Fine-Tuning Phi-3.5 Vision Instruct

Phi-3.5 Vision Instruct is one of the most popular small VLMs (Vision Language Models) out there. With around 4B parameters, it is easy to run within 10GB VRAM, and it gives good results out of the box. However, it falters in OCR tasks involving small text, such as receipts and forms. We will tackle this problem in the article. We will be fine-tuning Phi-3.5 Vision Instruct on a receipt OCR dataset to improve its accuracy.

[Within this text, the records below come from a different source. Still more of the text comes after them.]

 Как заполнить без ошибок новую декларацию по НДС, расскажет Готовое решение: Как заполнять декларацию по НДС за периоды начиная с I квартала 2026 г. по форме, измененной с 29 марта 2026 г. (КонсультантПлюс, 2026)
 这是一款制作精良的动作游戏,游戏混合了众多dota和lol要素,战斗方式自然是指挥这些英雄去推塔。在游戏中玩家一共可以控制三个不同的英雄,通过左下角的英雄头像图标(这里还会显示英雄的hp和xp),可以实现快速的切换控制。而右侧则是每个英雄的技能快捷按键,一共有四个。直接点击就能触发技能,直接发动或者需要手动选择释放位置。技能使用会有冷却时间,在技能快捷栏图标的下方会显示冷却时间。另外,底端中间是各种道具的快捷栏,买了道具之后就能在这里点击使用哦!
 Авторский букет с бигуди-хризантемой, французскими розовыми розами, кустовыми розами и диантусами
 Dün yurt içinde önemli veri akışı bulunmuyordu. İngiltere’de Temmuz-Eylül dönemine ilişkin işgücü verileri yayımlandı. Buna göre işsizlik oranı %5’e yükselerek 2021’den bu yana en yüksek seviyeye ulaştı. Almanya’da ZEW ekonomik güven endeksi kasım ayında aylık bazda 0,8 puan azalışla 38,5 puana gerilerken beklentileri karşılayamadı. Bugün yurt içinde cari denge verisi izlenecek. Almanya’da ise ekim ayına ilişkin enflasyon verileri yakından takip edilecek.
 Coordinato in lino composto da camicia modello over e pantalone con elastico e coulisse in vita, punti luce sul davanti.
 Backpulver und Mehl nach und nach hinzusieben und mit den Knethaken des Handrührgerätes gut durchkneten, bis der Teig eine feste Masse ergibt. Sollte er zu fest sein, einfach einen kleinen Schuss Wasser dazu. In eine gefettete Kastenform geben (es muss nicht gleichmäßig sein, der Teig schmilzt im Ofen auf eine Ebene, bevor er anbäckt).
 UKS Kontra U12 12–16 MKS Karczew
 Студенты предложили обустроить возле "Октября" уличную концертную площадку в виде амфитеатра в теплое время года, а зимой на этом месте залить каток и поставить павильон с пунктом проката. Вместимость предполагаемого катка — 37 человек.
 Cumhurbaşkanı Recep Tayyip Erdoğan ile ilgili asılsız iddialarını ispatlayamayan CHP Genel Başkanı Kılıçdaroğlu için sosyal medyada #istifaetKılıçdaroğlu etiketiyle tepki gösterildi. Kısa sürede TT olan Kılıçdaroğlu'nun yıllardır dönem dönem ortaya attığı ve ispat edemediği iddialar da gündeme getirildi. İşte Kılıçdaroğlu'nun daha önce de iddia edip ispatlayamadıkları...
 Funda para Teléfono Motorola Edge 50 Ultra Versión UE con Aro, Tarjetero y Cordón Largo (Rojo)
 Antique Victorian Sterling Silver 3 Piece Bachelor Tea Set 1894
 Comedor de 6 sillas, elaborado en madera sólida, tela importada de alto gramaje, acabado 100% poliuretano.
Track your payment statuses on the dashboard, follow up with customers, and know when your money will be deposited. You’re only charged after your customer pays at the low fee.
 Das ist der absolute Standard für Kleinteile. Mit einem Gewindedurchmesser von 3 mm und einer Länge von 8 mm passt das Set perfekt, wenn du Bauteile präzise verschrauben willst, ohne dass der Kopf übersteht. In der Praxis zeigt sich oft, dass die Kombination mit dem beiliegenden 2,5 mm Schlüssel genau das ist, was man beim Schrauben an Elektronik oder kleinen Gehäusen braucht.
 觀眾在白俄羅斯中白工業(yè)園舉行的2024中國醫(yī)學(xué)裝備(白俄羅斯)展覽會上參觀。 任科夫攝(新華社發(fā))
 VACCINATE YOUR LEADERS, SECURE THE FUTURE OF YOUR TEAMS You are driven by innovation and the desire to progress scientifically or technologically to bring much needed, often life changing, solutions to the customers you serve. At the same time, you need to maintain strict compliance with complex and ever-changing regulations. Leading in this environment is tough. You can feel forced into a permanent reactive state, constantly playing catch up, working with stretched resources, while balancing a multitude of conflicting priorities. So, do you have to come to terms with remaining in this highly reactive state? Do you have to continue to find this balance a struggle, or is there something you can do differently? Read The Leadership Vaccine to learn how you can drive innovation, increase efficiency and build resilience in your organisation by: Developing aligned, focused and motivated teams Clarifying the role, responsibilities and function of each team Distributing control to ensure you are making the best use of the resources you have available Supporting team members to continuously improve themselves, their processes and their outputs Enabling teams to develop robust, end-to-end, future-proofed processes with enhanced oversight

OCR is a complex task in itself. Most small VLMs are not good at them because they are generally pretrained for image/video explanation and captioning. That’s why fine-tuning the Phi Vision Instruct model will reveal the benefits firsthand.

We will cover the following topics while fine-tuning Phi-3.5 Vision Instruct:

• Discussing the dataset and creation of the annotation. We will use the SROIEv2 dataset.
• Preparing the Phi-3.5 Vision Instruct for fine-tuning for the OCR task.
• Training and inference on receipt images.
• Running evaluation for calculating CER on the ground truth test data.

Let’s jump into the article.

The SROIEv2 Dataset for Fine-Tuning Phi-3.5 Vision Instruct

We will use a slightly modified version of the SROIEv2 (Scanned receipts OCR and information extraction) dataset.

In this dataset, the annotations have been generated by another VLM and stored in plain text file format.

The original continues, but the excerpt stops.